Collection entries:
+---+

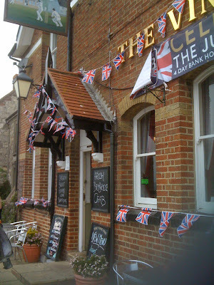 The local pub (overlooking the Village green) decked out with bunting.Next week: Smuggling - Women Smugglers. 'Hope's Betrayal' - the story: One wild, winter's night two worlds collide. Known for his ruthless efficiency, Captain George Huntley is sent to stamp out smuggling on the south coast of England. On a night raid, the Captain captures a smuggler, but finds his troubles are just beginning when the lad turns out to be a lass, Hope Tyler. With Hope as bait, the Captain sets a trap to catch the rest of the gang. But in a battle of wills, with his reputation at stake, George Huntley starts to respect feisty, independent Hope. Challenged by her sea-green eyes and stubborn loyalty Huntley now faces a new threat - his growing attraction to a sworn enemy. But a love where either Hope betrays her own kind, or Captain Huntley is court-marshaled, is not an easy destiny to follow.
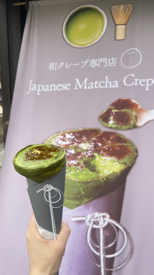 抹茶控的天堂🍵 非常正統濃濃的抹茶 在前往銀閣寺巷弄中的和風可麗餅專門店,終於吃到這款傳說中的抹茶布蕾可麗餅!上層焦糖烤得剛剛好,抹茶香濃卻不苦,內餡滑順,還有小餅乾在裡面,連包裝都超有質感。甜點的儀式感,完美♡ Likes 29
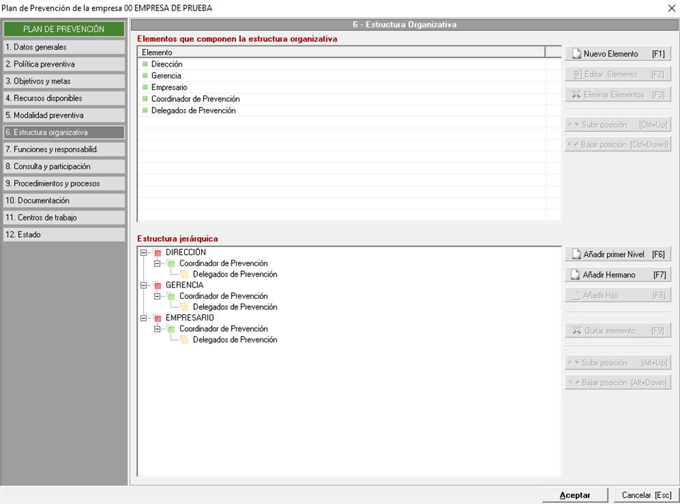- Eliminar elementos del organigrama seleccionados [F3]: Con esta última opción eliminamos aquellos elementos que tengamos seleccionados del listado que tenemos en pantalla.
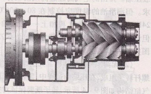 我不知道你們發(fā)現(xiàn)沒(méi)?此類(lèi)型空壓機(jī)的氣缸里面有兩個(gè)按一定傳動(dòng)比反向旋轉(zhuǎn)又互相嚙合的螺旋形轉(zhuǎn)子互相并列。按照?qǐng)D片來(lái)看,節(jié)圓外具有凸齒的轉(zhuǎn)子稱(chēng)為陽(yáng)轉(zhuǎn)子;節(jié)圓內(nèi)具有凹齒的轉(zhuǎn)子稱(chēng)為陰轉(zhuǎn)子。
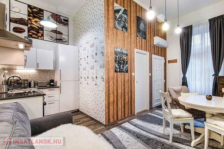 Budapest VI. kerületében, a Teréz körút egyik legkeresettebb részén, közvetlenül az Oktogon szomszédságában eladó egy 65 m²-es, teljes körűen felújított, 4. emeleti lakás. Az ingatlant a modern igények szerint két külön bejáratú, önálló garzonná alakították, így kiváló választás befektetőknek vagy akár többfunkciós saját használatra is. Mindkét lakás világos, igényesen felújított, külön konyhával és fürdőszobával rendelkezik. A társasház rendezett, lifttel felszerelt, a lakások pedig azonnal költözhetők.
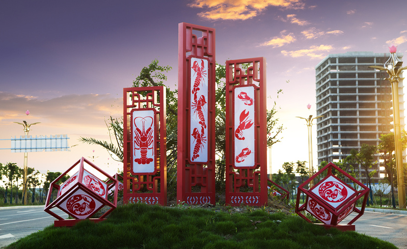 “群蝦迎客”屏風景觀燈高3米,寬1.8米,中部設有LED裝飾性光源。整燈以屏風為載體,采用小龍蝦的各種形態(tài)為表現(xiàn)手法,整體造型簡潔素雅展現(xiàn)出小龍蝦的活力。
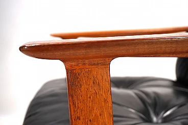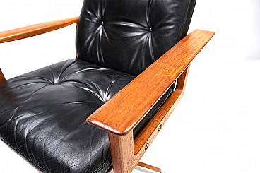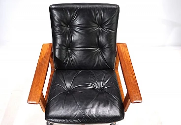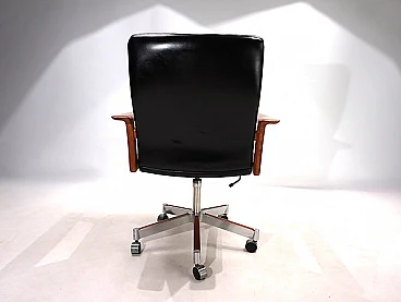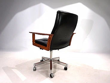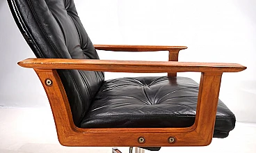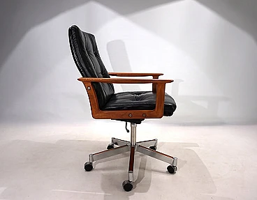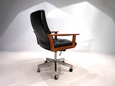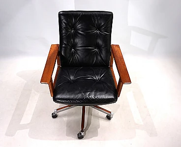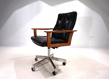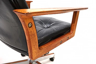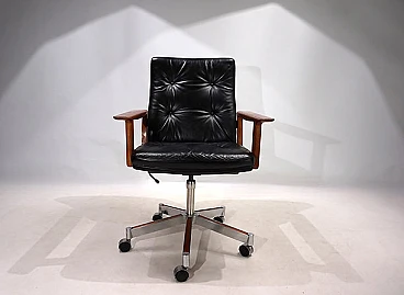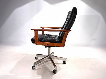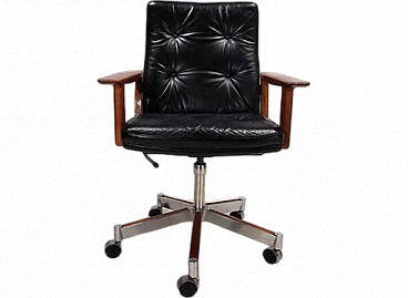 La pelle nera è morbida e presenta minimi segni di usura. I braccioli, realizzati in massello di teak, sono in perfette condizioni e hanno una bellissima tonalità calda del legno che si armonizza bene con la pelle nera. La struttura, realizzata in acciaio inox spazzolato, presenta un dettaglio molto accattivante con i listelli in teak intarsiati. Le ruote girano senza intoppi. La sedia può essere regolata in altezza tramite un meccanismo rotante ed è dotata di meccanismo di rotazione e inclinazione. Sibast è stato uno dei principali produttori danesi di sedute in teak e palissandro di alta qualità e ha collaborato con i designer più alla moda. L'architetto di mobili danese Arne Vodder ha creato diversi progetti popolari per Sibast e ha lavorato a stretto contatto con il suo insegnante e amico Finn Juhl.
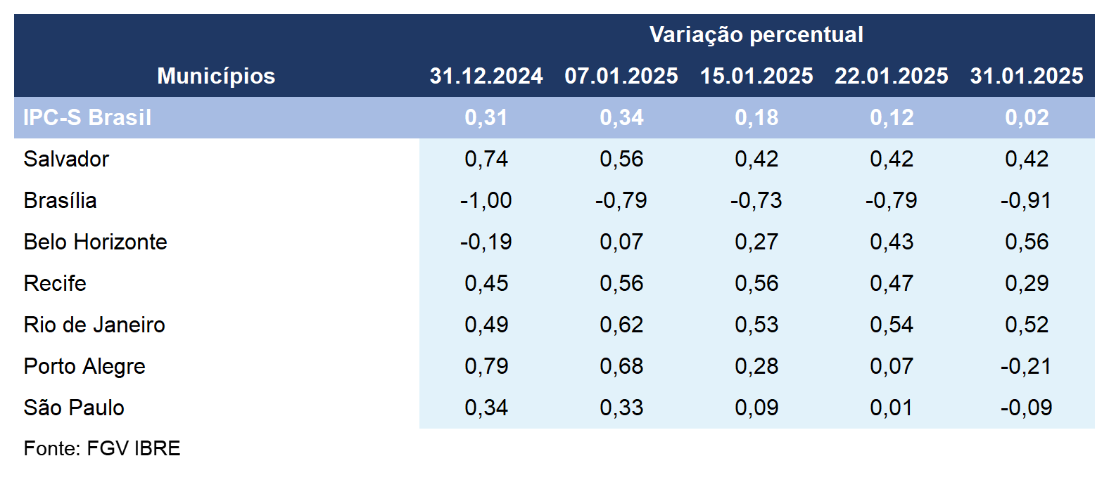 O IPC-S (Índice de Preços ao Consumidor – Semanal) recuou de 0,07% para -0,21% em Porto Alegre na última semana de janeiro, de acordo com dados divulgados pela FGV (Fundação Getulio Vargas).
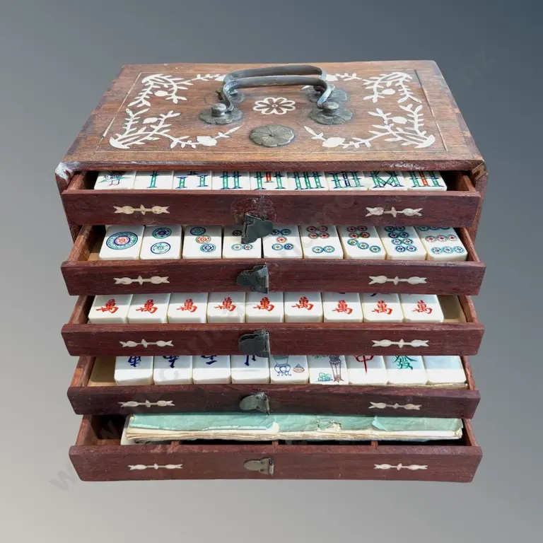 Oak Boxed Mahjong Set with Brass and Bone Inlay, AF
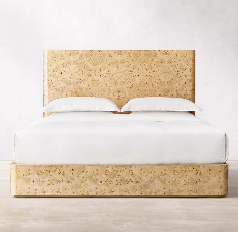 Folheado de madeira de Burl: as texturas naturalmente formadas e irregulares e os tons de ouro e de ouro escuro são como 'registros congelados das trajetórias de crescimento natural '. Eles infundiram a cama com o charme artístico irreproduzível, fazendo com que o 'luxo natural' 'o tom fundamental do estilo.
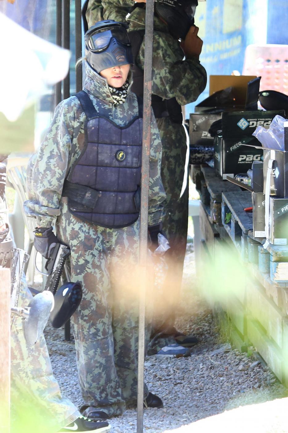 Nelle foto pubblicate da LaPresse, la Regina del Pop trascorre la giornata giocando a paintball, gioco di guerra il cui scopo è eliminare l’avversario colpendolo con delle palline di gelatina riempite di vernice colorata.
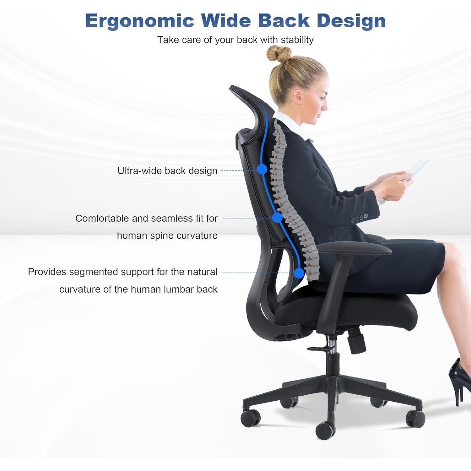 - [NEW UNIQUE HEADREST AND BACKREST] This office chair 480mm enlarged wider headrest, curved design fits the cervical curvature, all-round support for the neck. At the same time, according to the natural curvature of the human lumbar back design segmentation support system using a wider back, upper and lower separation of the back structure design, comfortable and seamless fit the human cervical curvature, independent lumbar support lumbar discs to give more powerful support.
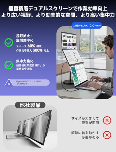 | 機能 | JSAUX FlipGo Lite | 一般的なポータブルモニター | 競合デュアルモニター |
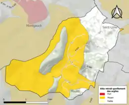 Les mouvements de terrains susceptibles de se produire sur la commune sont soit des chutes de blocs, soit des glissements de terrains, soit des effondrements liés à des cavités souterraines, soit des mouvements liés au retrait-gonflement des argiles. Près de 50 % de la superficie du département est concernée par l'aléa retrait-gonflement des argiles, dont la commune de Montégut-en-Couserans[37]. L'inventaire national des cavités souterraines permet par ailleurs de localiser celles situées sur la commune[38].

+---+

> [Task directions] For the data above, return an exact copy that contains no pictures.

> [Finished task]
 The local pub (overlooking the Village green) decked out with bunting.Next week: Smuggling - Women Smugglers. 'Hope's Betrayal' - the story: One wild, winter's night two worlds collide. Known for his ruthless efficiency, Captain George Huntley is sent to stamp out smuggling on the south coast of England. On a night raid, the Captain captures a smuggler, but finds his troubles are just beginning when the lad turns out to be a lass, Hope Tyler. With Hope as bait, the Captain sets a trap to catch the rest of the gang. But in a battle of wills, with his reputation at stake, George Huntley starts to respect feisty, independent Hope. Challenged by her sea-green eyes and stubborn loyalty Huntley now faces a new threat - his growing attraction to a sworn enemy. But a love where either Hope betrays her own kind, or Captain Huntley is court-marshaled, is not an easy destiny to follow.
 抹茶控的天堂🍵 非常正統濃濃的抹茶 在前往銀閣寺巷弄中的和風可麗餅專門店,終於吃到這款傳說中的抹茶布蕾可麗餅!上層焦糖烤得剛剛好,抹茶香濃卻不苦,內餡滑順,還有小餅乾在裡面,連包裝都超有質感。甜點的儀式感,完美♡ Likes 29
- Eliminar elementos del organigrama seleccionados [F3]: Con esta última opción eliminamos aquellos elementos que tengamos seleccionados del listado que tenemos en pantalla.
 我不知道你們發(fā)現(xiàn)沒(méi)?此類(lèi)型空壓機(jī)的氣缸里面有兩個(gè)按一定傳動(dòng)比反向旋轉(zhuǎn)又互相嚙合的螺旋形轉(zhuǎn)子互相并列。按照?qǐng)D片來(lái)看,節(jié)圓外具有凸齒的轉(zhuǎn)子稱(chēng)為陽(yáng)轉(zhuǎn)子;節(jié)圓內(nèi)具有凹齒的轉(zhuǎn)子稱(chēng)為陰轉(zhuǎn)子。
 Budapest VI. kerületében, a Teréz körút egyik legkeresettebb részén, közvetlenül az Oktogon szomszédságában eladó egy 65 m²-es, teljes körűen felújított, 4. emeleti lakás. Az ingatlant a modern igények szerint két külön bejáratú, önálló garzonná alakították, így kiváló választás befektetőknek vagy akár többfunkciós saját használatra is. Mindkét lakás világos, igényesen felújított, külön konyhával és fürdőszobával rendelkezik. A társasház rendezett, lifttel felszerelt, a lakások pedig azonnal költözhetők.
 “群蝦迎客”屏風景觀燈高3米,寬1.8米,中部設有LED裝飾性光源。整燈以屏風為載體,采用小龍蝦的各種形態(tài)為表現(xiàn)手法,整體造型簡潔素雅展現(xiàn)出小龍蝦的活力。
 La pelle nera è morbida e presenta minimi segni di usura. I braccioli, realizzati in massello di teak, sono in perfette condizioni e hanno una bellissima tonalità calda del legno che si armonizza bene con la pelle nera. La struttura, realizzata in acciaio inox spazzolato, presenta un dettaglio molto accattivante con i listelli in teak intarsiati. Le ruote girano senza intoppi. La sedia può essere regolata in altezza tramite un meccanismo rotante ed è dotata di meccanismo di rotazione e inclinazione. Sibast è stato uno dei principali produttori danesi di sedute in teak e palissandro di alta qualità e ha collaborato con i designer più alla moda. L'architetto di mobili danese Arne Vodder ha creato diversi progetti popolari per Sibast e ha lavorato a stretto contatto con il suo insegnante e amico Finn Juhl.
 O IPC-S (Índice de Preços ao Consumidor – Semanal) recuou de 0,07% para -0,21% em Porto Alegre na última semana de janeiro, de acordo com dados divulgados pela FGV (Fundação Getulio Vargas).
 Oak Boxed Mahjong Set with Brass and Bone Inlay, AF
 Folheado de madeira de Burl: as texturas naturalmente formadas e irregulares e os tons de ouro e de ouro escuro são como 'registros congelados das trajetórias de crescimento natural '. Eles infundiram a cama com o charme artístico irreproduzível, fazendo com que o 'luxo natural' 'o tom fundamental do estilo.
 Nelle foto pubblicate da LaPresse, la Regina del Pop trascorre la giornata giocando a paintball, gioco di guerra il cui scopo è eliminare l’avversario colpendolo con delle palline di gelatina riempite di vernice colorata.
 - [NEW UNIQUE HEADREST AND BACKREST] This office chair 480mm enlarged wider headrest, curved design fits the cervical curvature, all-round support for the neck. At the same time, according to the natural curvature of the human lumbar back design segmentation support system using a wider back, upper and lower separation of the back structure design, comfortable and seamless fit the human cervical curvature, independent lumbar support lumbar discs to give more powerful support.
 | 機能 | JSAUX FlipGo Lite | 一般的なポータブルモニター | 競合デュアルモニター |
 Les mouvements de terrains susceptibles de se produire sur la commune sont soit des chutes de blocs, soit des glissements de terrains, soit des effondrements liés à des cavités souterraines, soit des mouvements liés au retrait-gonflement des argiles. Près de 50 % de la superficie du département est concernée par l'aléa retrait-gonflement des argiles, dont la commune de Montégut-en-Couserans[37]. L'inventaire national des cavités souterraines permet par ailleurs de localiser celles situées sur la commune[38].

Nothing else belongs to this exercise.